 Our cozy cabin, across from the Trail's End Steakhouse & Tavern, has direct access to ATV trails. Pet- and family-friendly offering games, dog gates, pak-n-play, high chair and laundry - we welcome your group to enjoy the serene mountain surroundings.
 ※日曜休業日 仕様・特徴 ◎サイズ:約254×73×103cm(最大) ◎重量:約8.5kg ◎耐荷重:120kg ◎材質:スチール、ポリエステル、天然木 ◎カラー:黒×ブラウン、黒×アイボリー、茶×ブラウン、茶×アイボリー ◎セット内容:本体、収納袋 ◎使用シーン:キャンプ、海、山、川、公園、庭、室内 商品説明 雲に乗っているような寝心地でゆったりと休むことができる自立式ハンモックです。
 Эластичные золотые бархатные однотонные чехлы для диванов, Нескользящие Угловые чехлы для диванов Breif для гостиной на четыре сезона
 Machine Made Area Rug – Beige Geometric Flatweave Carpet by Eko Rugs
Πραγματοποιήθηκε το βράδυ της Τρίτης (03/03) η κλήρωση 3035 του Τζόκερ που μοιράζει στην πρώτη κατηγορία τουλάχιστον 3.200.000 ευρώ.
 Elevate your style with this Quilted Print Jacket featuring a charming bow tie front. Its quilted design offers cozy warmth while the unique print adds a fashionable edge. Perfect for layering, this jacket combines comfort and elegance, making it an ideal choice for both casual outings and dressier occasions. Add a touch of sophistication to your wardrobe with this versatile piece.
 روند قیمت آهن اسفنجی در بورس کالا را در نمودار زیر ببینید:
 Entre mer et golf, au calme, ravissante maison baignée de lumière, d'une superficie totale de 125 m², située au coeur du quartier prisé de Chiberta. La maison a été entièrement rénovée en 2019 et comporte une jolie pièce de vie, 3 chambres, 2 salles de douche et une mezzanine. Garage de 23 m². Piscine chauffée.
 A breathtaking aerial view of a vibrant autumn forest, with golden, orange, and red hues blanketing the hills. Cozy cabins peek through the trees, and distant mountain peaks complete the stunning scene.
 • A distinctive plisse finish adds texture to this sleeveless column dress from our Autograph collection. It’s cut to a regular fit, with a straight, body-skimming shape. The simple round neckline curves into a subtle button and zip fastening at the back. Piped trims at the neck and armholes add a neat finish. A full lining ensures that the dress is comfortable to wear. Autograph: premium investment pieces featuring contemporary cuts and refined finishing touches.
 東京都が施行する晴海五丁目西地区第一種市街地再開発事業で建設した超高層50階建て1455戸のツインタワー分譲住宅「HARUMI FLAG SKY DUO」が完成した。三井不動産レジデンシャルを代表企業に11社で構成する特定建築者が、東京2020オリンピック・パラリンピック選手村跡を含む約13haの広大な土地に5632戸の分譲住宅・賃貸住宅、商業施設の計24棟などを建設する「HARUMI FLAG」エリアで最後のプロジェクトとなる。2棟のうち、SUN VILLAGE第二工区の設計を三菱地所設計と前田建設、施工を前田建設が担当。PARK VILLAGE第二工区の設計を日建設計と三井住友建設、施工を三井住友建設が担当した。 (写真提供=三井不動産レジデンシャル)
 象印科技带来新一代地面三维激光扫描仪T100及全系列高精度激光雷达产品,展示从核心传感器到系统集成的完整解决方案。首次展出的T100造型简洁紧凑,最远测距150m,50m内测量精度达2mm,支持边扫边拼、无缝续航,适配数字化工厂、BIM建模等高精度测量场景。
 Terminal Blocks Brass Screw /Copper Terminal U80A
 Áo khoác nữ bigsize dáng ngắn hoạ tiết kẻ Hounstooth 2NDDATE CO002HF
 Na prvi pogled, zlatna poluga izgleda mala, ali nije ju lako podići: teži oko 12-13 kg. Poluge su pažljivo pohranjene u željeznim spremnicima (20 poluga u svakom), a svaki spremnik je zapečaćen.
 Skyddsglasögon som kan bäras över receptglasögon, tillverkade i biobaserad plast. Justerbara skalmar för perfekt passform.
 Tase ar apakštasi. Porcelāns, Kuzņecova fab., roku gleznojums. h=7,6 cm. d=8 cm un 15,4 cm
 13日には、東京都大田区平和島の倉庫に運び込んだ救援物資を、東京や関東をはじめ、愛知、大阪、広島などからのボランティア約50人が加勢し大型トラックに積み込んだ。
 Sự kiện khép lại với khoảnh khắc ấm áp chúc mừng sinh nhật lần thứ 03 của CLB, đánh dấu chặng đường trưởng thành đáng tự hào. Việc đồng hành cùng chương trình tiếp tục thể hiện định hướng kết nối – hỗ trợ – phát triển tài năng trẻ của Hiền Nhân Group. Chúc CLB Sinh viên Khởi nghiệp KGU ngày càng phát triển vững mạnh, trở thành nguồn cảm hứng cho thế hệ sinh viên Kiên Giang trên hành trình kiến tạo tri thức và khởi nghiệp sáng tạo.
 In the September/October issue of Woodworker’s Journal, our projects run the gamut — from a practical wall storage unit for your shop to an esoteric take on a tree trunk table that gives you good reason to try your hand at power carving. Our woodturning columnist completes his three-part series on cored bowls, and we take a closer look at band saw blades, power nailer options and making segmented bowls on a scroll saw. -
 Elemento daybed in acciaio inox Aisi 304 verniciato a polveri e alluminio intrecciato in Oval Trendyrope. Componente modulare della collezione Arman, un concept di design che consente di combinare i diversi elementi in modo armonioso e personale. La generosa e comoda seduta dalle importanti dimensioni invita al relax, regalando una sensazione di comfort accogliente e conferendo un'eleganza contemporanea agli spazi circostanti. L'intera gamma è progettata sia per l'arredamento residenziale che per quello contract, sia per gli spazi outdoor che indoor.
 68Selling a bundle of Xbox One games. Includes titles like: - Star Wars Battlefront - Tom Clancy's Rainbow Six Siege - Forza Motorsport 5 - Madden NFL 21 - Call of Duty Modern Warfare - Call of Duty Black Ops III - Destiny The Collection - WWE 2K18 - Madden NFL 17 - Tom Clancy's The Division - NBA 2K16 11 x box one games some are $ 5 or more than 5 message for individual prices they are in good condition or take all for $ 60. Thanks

────────────────

Try it
In full and without error, restate the data.

Result below
 Our cozy cabin, across from the Trail's End Steakhouse & Tavern, has direct access to ATV trails. Pet- and family-friendly offering games, dog gates, pak-n-play, high chair and laundry - we welcome your group to enjoy the serene mountain surroundings.
 ※日曜休業日 仕様・特徴 ◎サイズ:約254×73×103cm(最大) ◎重量:約8.5kg ◎耐荷重:120kg ◎材質:スチール、ポリエステル、天然木 ◎カラー:黒×ブラウン、黒×アイボリー、茶×ブラウン、茶×アイボリー ◎セット内容:本体、収納袋 ◎使用シーン:キャンプ、海、山、川、公園、庭、室内 商品説明 雲に乗っているような寝心地でゆったりと休むことができる自立式ハンモックです。
 Эластичные золотые бархатные однотонные чехлы для диванов, Нескользящие Угловые чехлы для диванов Breif для гостиной на четыре сезона
 Machine Made Area Rug – Beige Geometric Flatweave Carpet by Eko Rugs
Πραγματοποιήθηκε το βράδυ της Τρίτης (03/03) η κλήρωση 3035 του Τζόκερ που μοιράζει στην πρώτη κατηγορία τουλάχιστον 3.200.000 ευρώ.
 Elevate your style with this Quilted Print Jacket featuring a charming bow tie front. Its quilted design offers cozy warmth while the unique print adds a fashionable edge. Perfect for layering, this jacket combines comfort and elegance, making it an ideal choice for both casual outings and dressier occasions. Add a touch of sophistication to your wardrobe with this versatile piece.
 روند قیمت آهن اسفنجی در بورس کالا را در نمودار زیر ببینید:
 Entre mer et golf, au calme, ravissante maison baignée de lumière, d'une superficie totale de 125 m², située au coeur du quartier prisé de Chiberta. La maison a été entièrement rénovée en 2019 et comporte une jolie pièce de vie, 3 chambres, 2 salles de douche et une mezzanine. Garage de 23 m². Piscine chauffée.
 A breathtaking aerial view of a vibrant autumn forest, with golden, orange, and red hues blanketing the hills. Cozy cabins peek through the trees, and distant mountain peaks complete the stunning scene.
 • A distinctive plisse finish adds texture to this sleeveless column dress from our Autograph collection. It’s cut to a regular fit, with a straight, body-skimming shape. The simple round neckline curves into a subtle button and zip fastening at the back. Piped trims at the neck and armholes add a neat finish. A full lining ensures that the dress is comfortable to wear. Autograph: premium investment pieces featuring contemporary cuts and refined finishing touches.
 東京都が施行する晴海五丁目西地区第一種市街地再開発事業で建設した超高層50階建て1455戸のツインタワー分譲住宅「HARUMI FLAG SKY DUO」が完成した。三井不動産レジデンシャルを代表企業に11社で構成する特定建築者が、東京2020オリンピック・パラリンピック選手村跡を含む約13haの広大な土地に5632戸の分譲住宅・賃貸住宅、商業施設の計24棟などを建設する「HARUMI FLAG」エリアで最後のプロジェクトとなる。2棟のうち、SUN VILLAGE第二工区の設計を三菱地所設計と前田建設、施工を前田建設が担当。PARK VILLAGE第二工区の設計を日建設計と三井住友建設、施工を三井住友建設が担当した。 (写真提供=三井不動産レジデンシャル)
 象印科技带来新一代地面三维激光扫描仪T100及全系列高精度激光雷达产品,展示从核心传感器到系统集成的完整解决方案。首次展出的T100造型简洁紧凑,最远测距150m,50m内测量精度达2mm,支持边扫边拼、无缝续航,适配数字化工厂、BIM建模等高精度测量场景。
 Terminal Blocks Brass Screw /Copper Terminal U80A
 Áo khoác nữ bigsize dáng ngắn hoạ tiết kẻ Hounstooth 2NDDATE CO002HF
 Na prvi pogled, zlatna poluga izgleda mala, ali nije ju lako podići: teži oko 12-13 kg. Poluge su pažljivo pohranjene u željeznim spremnicima (20 poluga u svakom), a svaki spremnik je zapečaćen.
 Skyddsglasögon som kan bäras över receptglasögon, tillverkade i biobaserad plast. Justerbara skalmar för perfekt passform.
 Tase ar apakštasi. Porcelāns, Kuzņecova fab., roku gleznojums. h=7,6 cm. d=8 cm un 15,4 cm
 13日には、東京都大田区平和島の倉庫に運び込んだ救援物資を、東京や関東をはじめ、愛知、大阪、広島などからのボランティア約50人が加勢し大型トラックに積み込んだ。
 Sự kiện khép lại với khoảnh khắc ấm áp chúc mừng sinh nhật lần thứ 03 của CLB, đánh dấu chặng đường trưởng thành đáng tự hào. Việc đồng hành cùng chương trình tiếp tục thể hiện định hướng kết nối – hỗ trợ – phát triển tài năng trẻ của Hiền Nhân Group. Chúc CLB Sinh viên Khởi nghiệp KGU ngày càng phát triển vững mạnh, trở thành nguồn cảm hứng cho thế hệ sinh viên Kiên Giang trên hành trình kiến tạo tri thức và khởi nghiệp sáng tạo.
 In the September/October issue of Woodworker’s Journal, our projects run the gamut — from a practical wall storage unit for your shop to an esoteric take on a tree trunk table that gives you good reason to try your hand at power carving. Our woodturning columnist completes his three-part series on cored bowls, and we take a closer look at band saw blades, power nailer options and making segmented bowls on a scroll saw. -
 Elemento daybed in acciaio inox Aisi 304 verniciato a polveri e alluminio intrecciato in Oval Trendyrope. Componente modulare della collezione Arman, un concept di design che consente di combinare i diversi elementi in modo armonioso e personale. La generosa e comoda seduta dalle importanti dimensioni invita al relax, regalando una sensazione di comfort accogliente e conferendo un'eleganza contemporanea agli spazi circostanti. L'intera gamma è progettata sia per l'arredamento residenziale che per quello contract, sia per gli spazi outdoor che indoor.
 68Selling a bundle of Xbox One games. Includes titles like: - Star Wars Battlefront - Tom Clancy's Rainbow Six Siege - Forza Motorsport 5 - Madden NFL 21 - Call of Duty Modern Warfare - Call of Duty Black Ops III - Destiny The Collection - WWE 2K18 - Madden NFL 17 - Tom Clancy's The Division - NBA 2K16 11 x box one games some are $ 5 or more than 5 message for individual prices they are in good condition or take all for $ 60. Thanks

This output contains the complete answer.